— Supplied material —
BEGIN

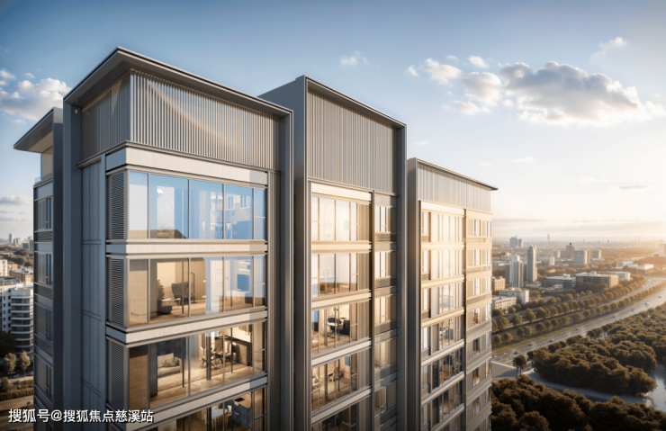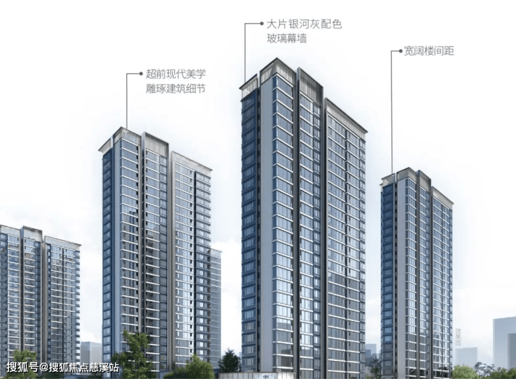 立面设计以简约、时尚为主基调,精致简约,讲究尺度的把控,大面简约,局部细节刻画。通过横向线条,不同的建筑色块,从大比例上控制建筑形象。主要墙体以米白色、深灰色涂料及大面积玻璃作为墙面的主要材料,加上铝合金型材的线条。建筑整体挺拔,干净整洁。底部近人尺度,通过建筑材料以及格栅、门头、线脚等较为细腻的建筑细节,着重塑造温馨、宜居的建筑氛围。
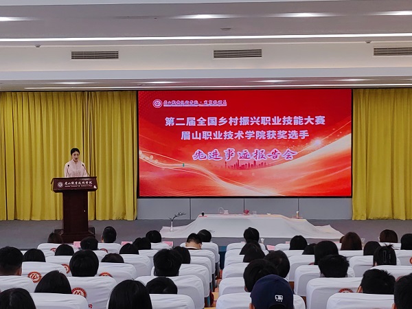 5月29日,第二届全国乡村振兴职业技能大赛眉山职业技术学院获奖选手先进事迹报告会暨总结交流座谈会在学校招生就业中心二楼报告厅举行,党委书记代贤军,党委副书记、院长刘兴勇,党委委员、副院长陈光辉,眉山市人社局职业能力建设科科长张迪,东坡区人社局党组成员、区农民工服务中心主任王霞出席会议。
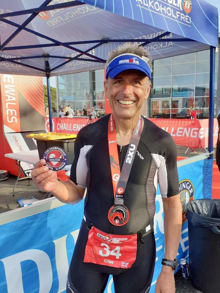 Lots of noise and commotion at the finish as a volunteer passed me a Qualification token for me then to hear over the tannoy that I had come 3rd in my age group and had qualified for the Challenge World Championships in Slovakia next May – wow, a podium place! Not sure what happened, as they had the podium on stage but it was never used – I thought that was to be my one moment of fame, but not to be.
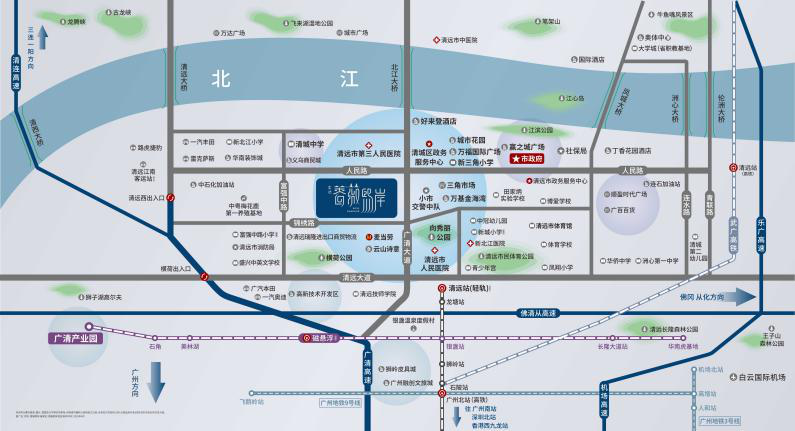 项目选址清远市清城区核芯地段,涵盖商业、教育、医疗、市政等醇熟配套。项目还坐享多维立体交通路网,广清城轨(在建中)3站直达广州,武广高铁纵横珠三角,迅捷出行。
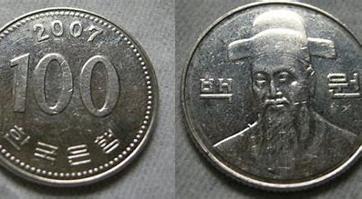 韓国の通貨のうち、1973~93年に使われた500ウォン札(1ウォン=約0.1円)と、1983年から現在まで使用されている100ウォン硬貨には、画家チャン・ウソン(故人)が描いたイ・スンシン(李舜臣)将軍(1545~98)の肖像画が用いられている。
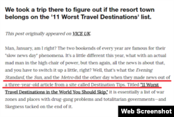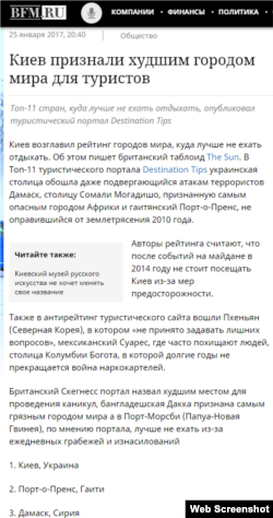 Так, наприклад сайт видання «Вести» із посиланням на видання The Sun, що в свою чергу посилається на сайт Destination Tips, пише: «Київ очолив рейтинг міст світу, куди краще не їхати відпочивати. Автори рейтингу вважають, що після подій на Майдані в 2014 році Київ став настільки небезпечним, що його не варто відвідувати», – йдеться у повідомленні. А далі «Вести» публікують зображення такого антирейтингу.

END

Transcribe, from the records above, the first line and every line after it up to and including the line with "5月29日,第二届全国乡村振"; omit pictures.

— Reply to the task —
 立面设计以简约、时尚为主基调,精致简约,讲究尺度的把控,大面简约,局部细节刻画。通过横向线条,不同的建筑色块,从大比例上控制建筑形象。主要墙体以米白色、深灰色涂料及大面积玻璃作为墙面的主要材料,加上铝合金型材的线条。建筑整体挺拔,干净整洁。底部近人尺度,通过建筑材料以及格栅、门头、线脚等较为细腻的建筑细节,着重塑造温馨、宜居的建筑氛围。
 5月29日,第二届全国乡村振兴职业技能大赛眉山职业技术学院获奖选手先进事迹报告会暨总结交流座谈会在学校招生就业中心二楼报告厅举行,党委书记代贤军,党委副书记、院长刘兴勇,党委委员、副院长陈光辉,眉山市人社局职业能力建设科科长张迪,东坡区人社局党组成员、区农民工服务中心主任王霞出席会议。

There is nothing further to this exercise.